Twitter isn’t working for me, but rather than jumping ship, I want to make it better. I was inspired by Chrissy LeMaire’s (blog|twitter) tweetbot @ClosedAsFixed, where her bot tweets when Connect items are closed as fixed. Her source code is available on GitHub.

I decided I would turn Twitter into an RSS aggregator. Here’s my plan:

  1. Create a dedicated twitter account to act as my aggregated feed: @SQLAnthology
  2. Use PowerShell to scrape RSS feeds that I care about
  3. Use PowerShell to tweet those blog posts from my dedicated account; Throttle my tweeting so I don’t spam myself
  4. Host it in Azure on some existing resources

By using Twitter, I’ll still have the posts thrust in front of me during my normal tweeting. I’ll also be able to go directly to that twitter handle and get to a reading list. I can do it regardless of what device I am using at the time. Best of all, I don’t need to check a dedicated app.
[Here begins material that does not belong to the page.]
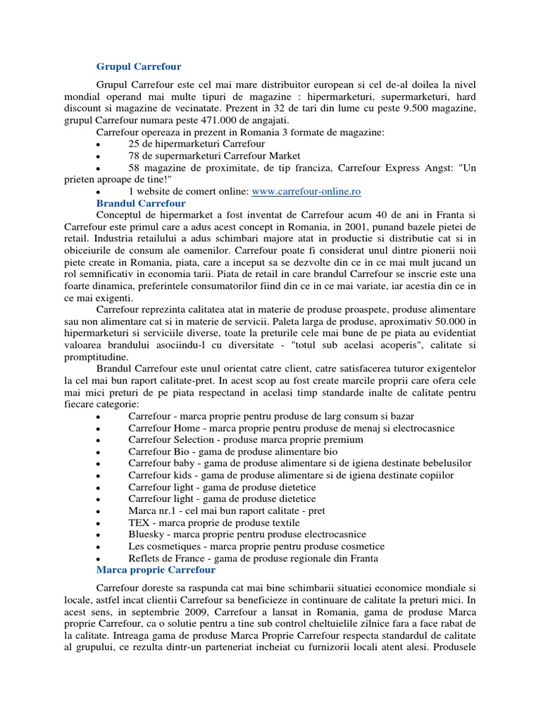 rol semnificativ in economia tarii. Piata de retail in care brandul Carrefour se inscrie este una

Step 1) Create & configure a twitter account

Create a Twitter account, just like any other. The only special step is that you’ll need to go to apps.twitter.com, and do some setup. The process is pretty straightforward, so I won’t go into details. Ultimately you want to get two key/secret pairs: a “Consumer Key and Secret” and “Access Token and Secret”. That’s four big ugly strings of gibberish. Save them, you’ll need them later.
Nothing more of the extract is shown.